WORK ORDER
Quote, with no changes, the lines that run from the top of the material to the line with "MC Gamis Terbaru", both included.

DATA FOR ANALYSIS
• • • •
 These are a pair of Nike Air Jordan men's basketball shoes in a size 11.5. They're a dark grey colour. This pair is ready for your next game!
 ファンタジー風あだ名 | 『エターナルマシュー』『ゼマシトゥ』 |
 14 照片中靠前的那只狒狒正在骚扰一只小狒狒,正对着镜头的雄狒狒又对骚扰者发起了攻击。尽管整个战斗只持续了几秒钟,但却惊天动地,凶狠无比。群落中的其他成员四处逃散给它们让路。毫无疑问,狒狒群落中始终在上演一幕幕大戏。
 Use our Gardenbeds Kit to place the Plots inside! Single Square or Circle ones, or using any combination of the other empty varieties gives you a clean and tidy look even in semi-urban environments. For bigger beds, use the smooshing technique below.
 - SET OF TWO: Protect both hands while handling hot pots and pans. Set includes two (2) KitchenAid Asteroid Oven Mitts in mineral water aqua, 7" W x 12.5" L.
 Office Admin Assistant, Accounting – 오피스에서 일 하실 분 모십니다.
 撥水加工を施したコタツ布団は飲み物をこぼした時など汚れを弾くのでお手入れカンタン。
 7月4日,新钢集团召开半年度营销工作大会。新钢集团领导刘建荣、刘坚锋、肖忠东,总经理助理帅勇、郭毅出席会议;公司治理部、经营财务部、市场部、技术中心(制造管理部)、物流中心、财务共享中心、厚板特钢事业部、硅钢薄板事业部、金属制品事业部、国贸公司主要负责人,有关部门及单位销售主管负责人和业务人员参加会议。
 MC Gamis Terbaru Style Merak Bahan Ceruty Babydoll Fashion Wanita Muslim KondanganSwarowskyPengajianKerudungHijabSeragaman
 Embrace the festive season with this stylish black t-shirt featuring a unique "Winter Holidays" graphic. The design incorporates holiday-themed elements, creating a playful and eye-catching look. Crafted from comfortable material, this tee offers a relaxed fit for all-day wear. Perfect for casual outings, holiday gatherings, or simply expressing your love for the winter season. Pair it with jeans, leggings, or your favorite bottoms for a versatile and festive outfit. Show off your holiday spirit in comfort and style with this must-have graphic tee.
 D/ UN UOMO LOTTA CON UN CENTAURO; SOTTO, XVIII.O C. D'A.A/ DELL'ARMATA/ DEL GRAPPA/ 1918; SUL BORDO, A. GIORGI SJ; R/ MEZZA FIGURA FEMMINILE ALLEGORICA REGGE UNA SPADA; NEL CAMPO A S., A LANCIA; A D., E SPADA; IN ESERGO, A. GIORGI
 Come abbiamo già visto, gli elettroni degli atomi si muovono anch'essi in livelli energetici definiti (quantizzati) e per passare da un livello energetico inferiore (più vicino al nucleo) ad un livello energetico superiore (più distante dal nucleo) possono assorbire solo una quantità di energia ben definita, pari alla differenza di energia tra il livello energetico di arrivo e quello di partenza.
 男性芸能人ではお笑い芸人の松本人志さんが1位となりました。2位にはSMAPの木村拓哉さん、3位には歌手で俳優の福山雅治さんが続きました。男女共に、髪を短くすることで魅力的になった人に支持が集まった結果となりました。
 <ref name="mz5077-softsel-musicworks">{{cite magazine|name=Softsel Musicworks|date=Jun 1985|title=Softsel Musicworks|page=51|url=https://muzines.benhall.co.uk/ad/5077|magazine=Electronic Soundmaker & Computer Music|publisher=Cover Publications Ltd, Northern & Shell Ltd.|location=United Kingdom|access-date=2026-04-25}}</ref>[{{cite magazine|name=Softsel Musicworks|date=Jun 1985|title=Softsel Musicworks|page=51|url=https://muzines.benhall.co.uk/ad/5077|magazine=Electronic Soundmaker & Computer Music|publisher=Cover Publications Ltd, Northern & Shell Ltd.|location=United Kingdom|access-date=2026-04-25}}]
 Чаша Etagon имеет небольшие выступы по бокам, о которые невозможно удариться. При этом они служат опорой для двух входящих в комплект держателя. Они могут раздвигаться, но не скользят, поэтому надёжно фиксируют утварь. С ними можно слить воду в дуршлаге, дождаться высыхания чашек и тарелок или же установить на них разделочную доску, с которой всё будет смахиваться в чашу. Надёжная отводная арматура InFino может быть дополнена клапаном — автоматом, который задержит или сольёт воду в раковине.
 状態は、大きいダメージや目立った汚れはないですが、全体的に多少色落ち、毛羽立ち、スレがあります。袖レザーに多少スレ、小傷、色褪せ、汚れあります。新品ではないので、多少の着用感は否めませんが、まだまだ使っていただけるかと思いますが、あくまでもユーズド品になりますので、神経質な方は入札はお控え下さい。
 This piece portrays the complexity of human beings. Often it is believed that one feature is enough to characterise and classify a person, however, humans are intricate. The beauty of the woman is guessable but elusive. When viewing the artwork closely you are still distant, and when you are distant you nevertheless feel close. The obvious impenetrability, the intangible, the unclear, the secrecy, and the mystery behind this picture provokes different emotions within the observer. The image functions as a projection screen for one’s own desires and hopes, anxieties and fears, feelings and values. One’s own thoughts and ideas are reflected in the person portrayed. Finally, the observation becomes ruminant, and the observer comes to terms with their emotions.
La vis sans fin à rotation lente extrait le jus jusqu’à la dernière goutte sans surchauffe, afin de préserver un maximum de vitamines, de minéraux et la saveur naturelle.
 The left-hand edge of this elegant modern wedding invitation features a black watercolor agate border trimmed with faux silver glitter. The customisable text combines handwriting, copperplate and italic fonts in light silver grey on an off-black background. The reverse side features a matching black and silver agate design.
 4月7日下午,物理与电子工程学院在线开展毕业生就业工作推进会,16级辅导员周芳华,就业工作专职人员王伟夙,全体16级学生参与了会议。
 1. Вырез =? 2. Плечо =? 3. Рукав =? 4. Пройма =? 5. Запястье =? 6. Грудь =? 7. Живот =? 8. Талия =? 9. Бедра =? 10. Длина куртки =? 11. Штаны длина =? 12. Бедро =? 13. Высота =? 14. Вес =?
• • • •
PROBLEM SOLUTION
 These are a pair of Nike Air Jordan men's basketball shoes in a size 11.5. They're a dark grey colour. This pair is ready for your next game!
 ファンタジー風あだ名 | 『エターナルマシュー』『ゼマシトゥ』 |
 14 照片中靠前的那只狒狒正在骚扰一只小狒狒,正对着镜头的雄狒狒又对骚扰者发起了攻击。尽管整个战斗只持续了几秒钟,但却惊天动地,凶狠无比。群落中的其他成员四处逃散给它们让路。毫无疑问,狒狒群落中始终在上演一幕幕大戏。
 Use our Gardenbeds Kit to place the Plots inside! Single Square or Circle ones, or using any combination of the other empty varieties gives you a clean and tidy look even in semi-urban environments. For bigger beds, use the smooshing technique below.
 - SET OF TWO: Protect both hands while handling hot pots and pans. Set includes two (2) KitchenAid Asteroid Oven Mitts in mineral water aqua, 7" W x 12.5" L.
 Office Admin Assistant, Accounting – 오피스에서 일 하실 분 모십니다.
 撥水加工を施したコタツ布団は飲み物をこぼした時など汚れを弾くのでお手入れカンタン。
 7月4日,新钢集团召开半年度营销工作大会。新钢集团领导刘建荣、刘坚锋、肖忠东,总经理助理帅勇、郭毅出席会议;公司治理部、经营财务部、市场部、技术中心(制造管理部)、物流中心、财务共享中心、厚板特钢事业部、硅钢薄板事业部、金属制品事业部、国贸公司主要负责人,有关部门及单位销售主管负责人和业务人员参加会议。
 MC Gamis Terbaru Style Merak Bahan Ceruty Babydoll Fashion Wanita Muslim KondanganSwarowskyPengajianKerudungHijabSeragaman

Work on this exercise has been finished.